Data entries:
· · · ·
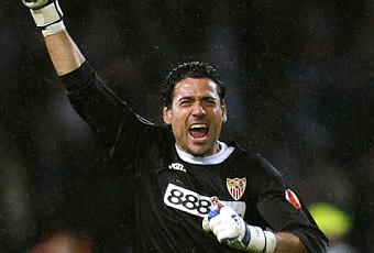 En su primer año en Sevilla la pantera de l'Alcudia conquistó la Copa de la UEFA, el primer trofeo Europeo en la historia de Nuestro Sevilla FC y al año siguiente se reeditó con un papel fundamental de Palop.
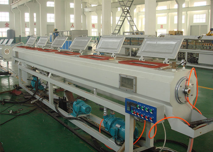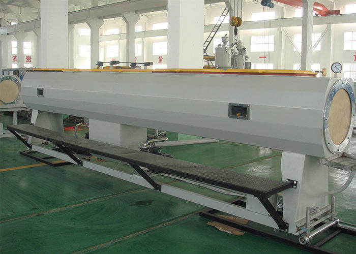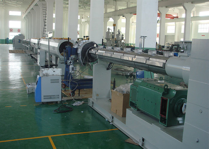 PE plastic pipe production line is mainly used for producing water supply pipe and drainage pipe in the field of agriculture and construction, cable etc. This production line consists mainly of single screw extruder, vacuum calibration tank, spraying cooling tank, haul-off machine, cutter, stacker etc.
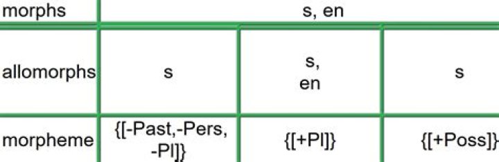 …of a morpheme are called allomorphs; the ending -s, indicating plural in “cats,” “dogs,” the -es in “dishes,” and the -en of “oxen” are all allomorphs of the plural morpheme.
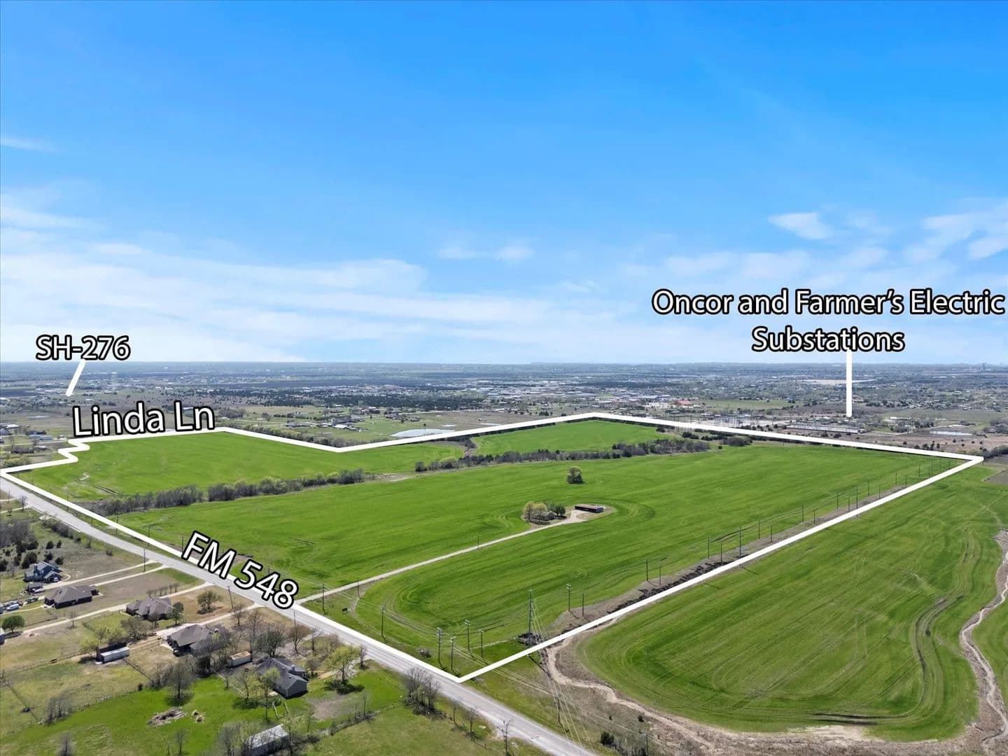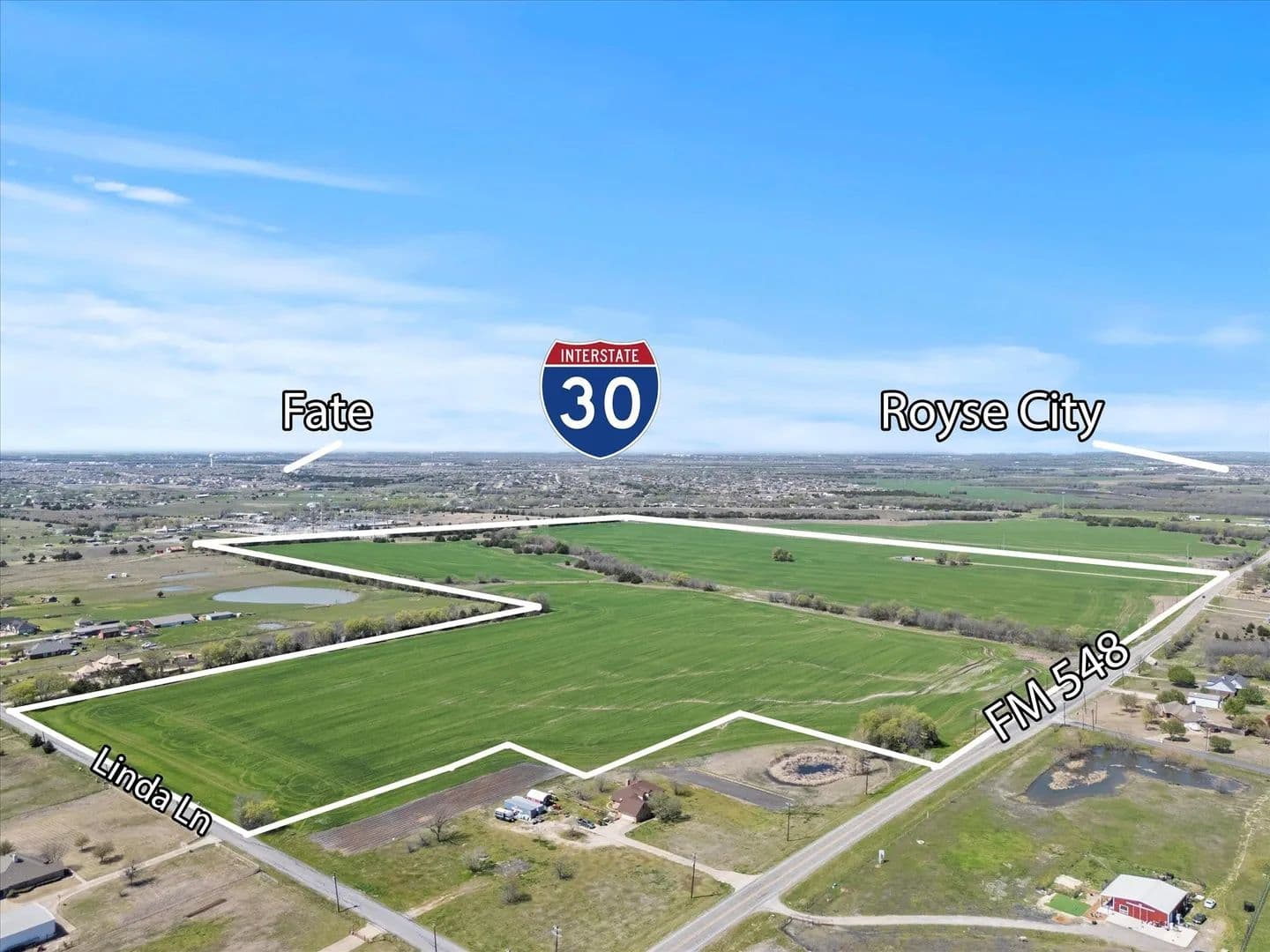Platinum Land Group is proud to offer this 139± acre property located in the rapidly growing area of Rockwall County and within the Royse City ISD. The site offers excellent visibility with frontage on FM 548 and Linda Lane, along with high traffic exposure—75,000 VPD on I-30 and 15,000 VPD on Hwy 276. Ideal for industrial, commercial, agricultural, or rural residential development, the land is situated outside the city limits of Fate and within the Fate ETJ. The property is AG exempt and benefits from utility access, with Oncor and Farmer's Electric substations located along the west boundary. With easy access to I-30, Hwy 276, and just 40 minutes from downtown Dallas, this is a prime location for future development. Survey available.
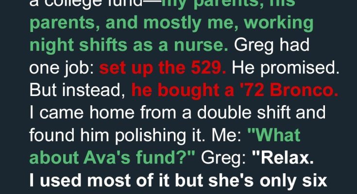 My husband Greg promised to secure our daughter Ava’s future. Instead, he spent her $45,000 college fund on a rusty 1972 Ford Bronco. That money came from both our families and months of overtime shifts I worked as a nurse. Greg had one job—deposit it in a college fund. But the moment he saw that truck, reason flew out the window.
· · · ·
Omitting all pictures, restate word for word the lines from the one containing "Platinum Land Group" through the last line of the data.

Answer to the problem -
Platinum Land Group is proud to offer this 139± acre property located in the rapidly growing area of Rockwall County and within the Royse City ISD. The site offers excellent visibility with frontage on FM 548 and Linda Lane, along with high traffic exposure—75,000 VPD on I-30 and 15,000 VPD on Hwy 276. Ideal for industrial, commercial, agricultural, or rural residential development, the land is situated outside the city limits of Fate and within the Fate ETJ. The property is AG exempt and benefits from utility access, with Oncor and Farmer's Electric substations located along the west boundary. With easy access to I-30, Hwy 276, and just 40 minutes from downtown Dallas, this is a prime location for future development. Survey available.
 My husband Greg promised to secure our daughter Ava’s future. Instead, he spent her $45,000 college fund on a rusty 1972 Ford Bronco. That money came from both our families and months of overtime shifts I worked as a nurse. Greg had one job—deposit it in a college fund. But the moment he saw that truck, reason flew out the window.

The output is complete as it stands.